> SUPPLIED ENTRIES:
**********
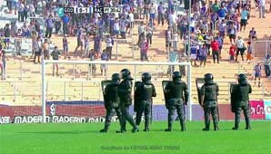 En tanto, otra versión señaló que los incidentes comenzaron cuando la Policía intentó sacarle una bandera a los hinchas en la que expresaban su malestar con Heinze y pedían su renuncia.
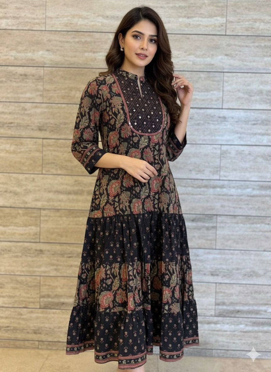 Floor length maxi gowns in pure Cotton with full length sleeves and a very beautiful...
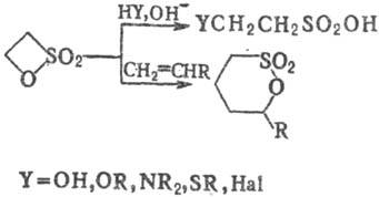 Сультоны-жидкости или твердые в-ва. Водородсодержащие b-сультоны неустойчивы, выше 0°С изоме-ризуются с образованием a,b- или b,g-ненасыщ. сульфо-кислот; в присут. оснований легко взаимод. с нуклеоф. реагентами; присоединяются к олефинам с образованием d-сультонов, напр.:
**********
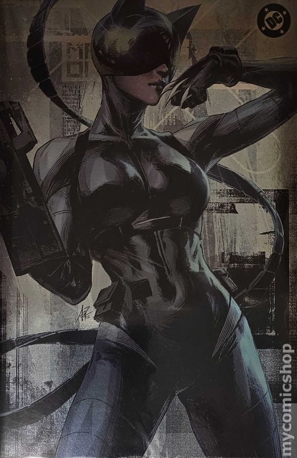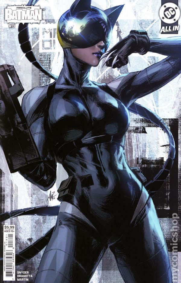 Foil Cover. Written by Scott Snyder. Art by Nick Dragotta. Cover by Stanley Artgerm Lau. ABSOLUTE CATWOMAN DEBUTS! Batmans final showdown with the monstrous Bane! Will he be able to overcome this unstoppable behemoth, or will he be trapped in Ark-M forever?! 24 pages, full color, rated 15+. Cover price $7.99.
**********
> WORK REQUEST: Nothing but the lines from the one with "En tanto, otra" up to and including the one with "Floor length maxi" should be printed, exactly as they read above. Please keep the pictures out.

> WRITTEN ANSWER:
 En tanto, otra versión señaló que los incidentes comenzaron cuando la Policía intentó sacarle una bandera a los hinchas en la que expresaban su malestar con Heinze y pedían su renuncia.
 Floor length maxi gowns in pure Cotton with full length sleeves and a very beautiful...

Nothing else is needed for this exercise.